Growth velocity rate was significantly different between the two groups (p = 0.01), with a median (IQR) of 16.3 g / kg / day (14.4 – 19.2) in the 2017 – 2019 group and 15.4 g / kg / day (13.3 – 17.2) in 2020 – 2021 group. Accordingly, the proportion of babies experiencing suboptimal growth was significantly higher in the 2020 – 2021 group compared to the 2017 – 2019 group (64 / 67 vs 82 / 101, 95.5% vs 81.2% respectively, p = 0.01).
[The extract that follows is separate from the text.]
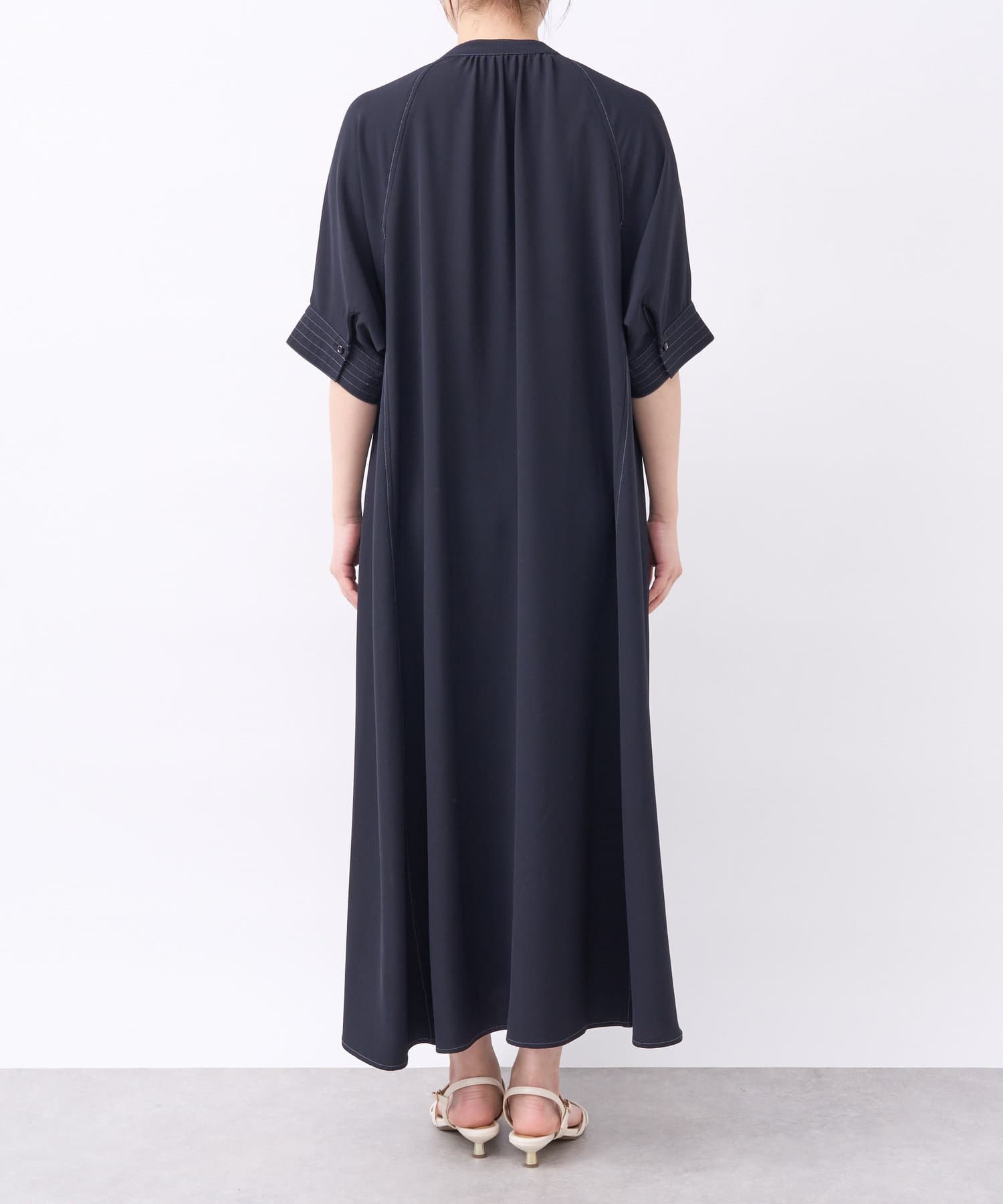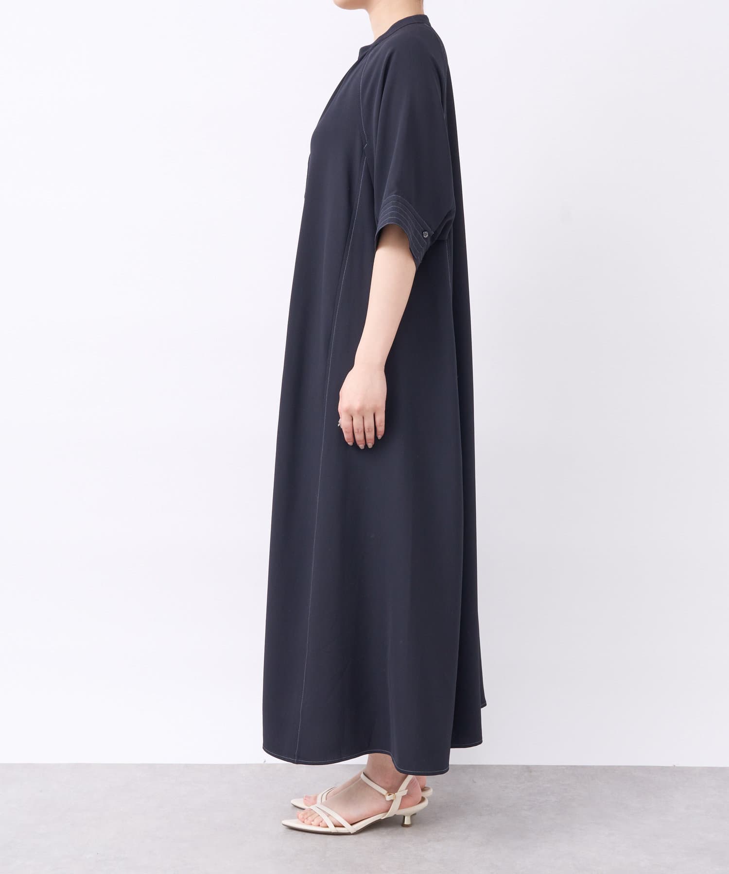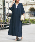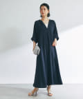 《二の腕カバー◎・2サイズ》接触冷感スキッパーロングワンピース

No statistical difference was found regarding the median length of stay (p = 0,93), which was 47 days (33 – 70) in the 2017 – 2019 group and 47 (33 – 73) in the 2020 – 2021 group.

The type of feeding was also analysed in the two groups at the achievement of FEF. In the 2017 – 2019 group, given the lack of donor human milk bank milk, data were collected considering the prevalent use (> 50%) of mother’s expressed milk vs infant formula. On the other hand, in the 2020 – 2021 group prevalent maternal expressed own milk use was compared to the use of infant formula and / or donated human milk. Interestingly, the use of infant formula was almost the same between the groups (14 / 101 in the 2017 – 2019 group and 10 / 67 in the 2020 – 2021 group, 13.9 and 14.9% respectively).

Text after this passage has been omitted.